Arbeitsplatzpolitische Maßnahmen
für ganze Branchen, wie Zuschüsse
an die verstaatlichte Industrie und
Vorruhestandsregelungen finanziert
über das AMS, wie sie für OMV
und Post gemacht wurden, wären
nach WTO-Subventionsregelungen
erfolgreich anfechtbar. Anfechtbar
wären auch die staatlich garantierten Einspeisetarife für Ökostrom,
staatliche Förderungen für energiesparendes Bauen und Preisregelungen für Arzneimittel und Treibstoffe. Würde man die Methodik, die
zur Kalkulation der Stützungen in
der Landwirtschaft verwendet wird,
auf die Pharmabranche umlegen, ergäbe dies für die EU-15 ein Subventionsäquivalent von rund 30 Mrd.

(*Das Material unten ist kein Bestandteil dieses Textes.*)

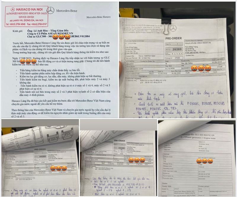 Theo chủ xe, chiếc Mercedes-Benz GLC 300 được anh mua chính hãng từ ngày 21/12/2020 và mới đi được 27.688 km, được bảo hành 3 năm và bảo dưỡng định kỳ tại đại lý chính hãng. Điều khiến anh khó chịu là một hãng lớn như Mercedes-Benz khi làm việc với khách lại chỉ toàn nói chuyện không giấy tờ, chỉ chăm chăm gợi ý khách ký giấy đồng ý cho mở động cơ, đến khi làm gắt mới chịu làm công văn trả lời lý do muốn mở động cơ kiểm tra.

Euro jährlich. Das entspricht in etwa
dem Stützäquivalent der Landwirtschaft.
Voraussetzung für eine Anfechtung nach WTO-Recht ist, dass die
wirtschaftlichen Interessen eines
anderen Staates berührt werden und
dieser klagt. In Branchen mit global
oligopolen Strukturen werden sich
kein Kläger und auch kein Richter
finden.
■
Die verschiedenen Umweltkonventionen der
UN/ECE zeigen, dass regionale Übereinkommen
weit erfolgreicher sind und
mit mehr Engagement betrieben werden als globale Übereinkommen.